> _WORK ITEM_
Return the listing below unchanged, except that the pictures are dropped.

> _RECORDED INFORMATION_

*****

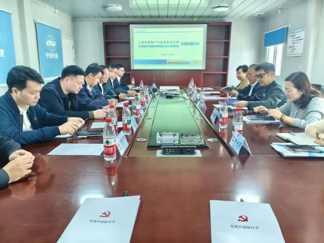 4月10日,市房协党支部与中铁建华东公司上海党支部共同举办党建联建活动。双方围绕深化政企协同、凝聚党建合力,推动党建与业务深度融合、双向赋能等议题展开深入交流。市房协党支部书记任杰、秘书长蒋慰如、副秘书长王春音;中铁建华东公司上海党支部书记、市房协会长黄文欣,上海党支部支委、项目负责人,以及双方党员代表参加活动。
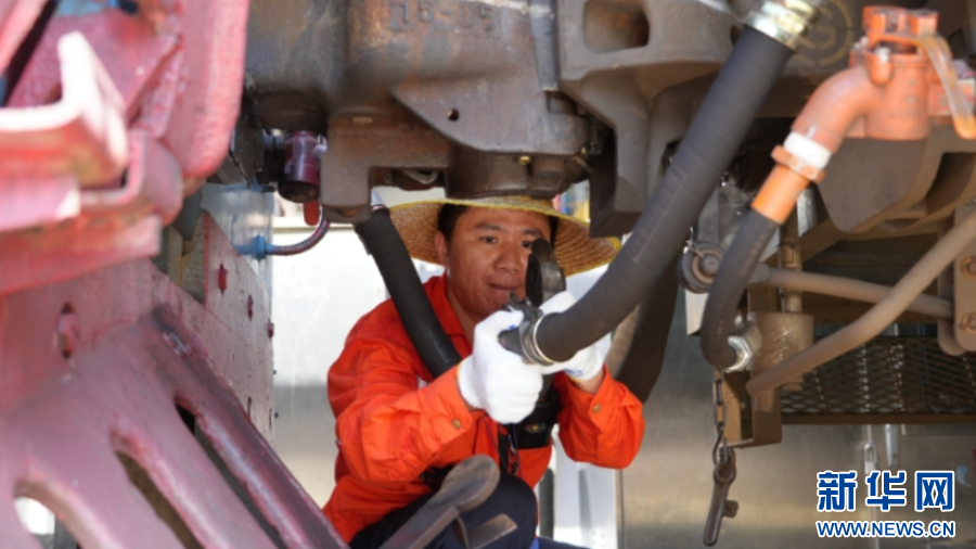 调车作业场所地表温度突破50摄氏度是常态。这是调车员顶着高温,在股道进行列车风管连接作业。新华网发(万宇 摄)
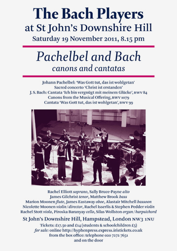 A second selection of music by Johann Sebastian Bach and his predecessor Johann Pachelbel (following the concerts in November 2010)

*****

> _ANSWER_
 4月10日,市房协党支部与中铁建华东公司上海党支部共同举办党建联建活动。双方围绕深化政企协同、凝聚党建合力,推动党建与业务深度融合、双向赋能等议题展开深入交流。市房协党支部书记任杰、秘书长蒋慰如、副秘书长王春音;中铁建华东公司上海党支部书记、市房协会长黄文欣,上海党支部支委、项目负责人,以及双方党员代表参加活动。
 调车作业场所地表温度突破50摄氏度是常态。这是调车员顶着高温,在股道进行列车风管连接作业。新华网发(万宇 摄)
 A second selection of music by Johann Sebastian Bach and his predecessor Johann Pachelbel (following the concerts in November 2010)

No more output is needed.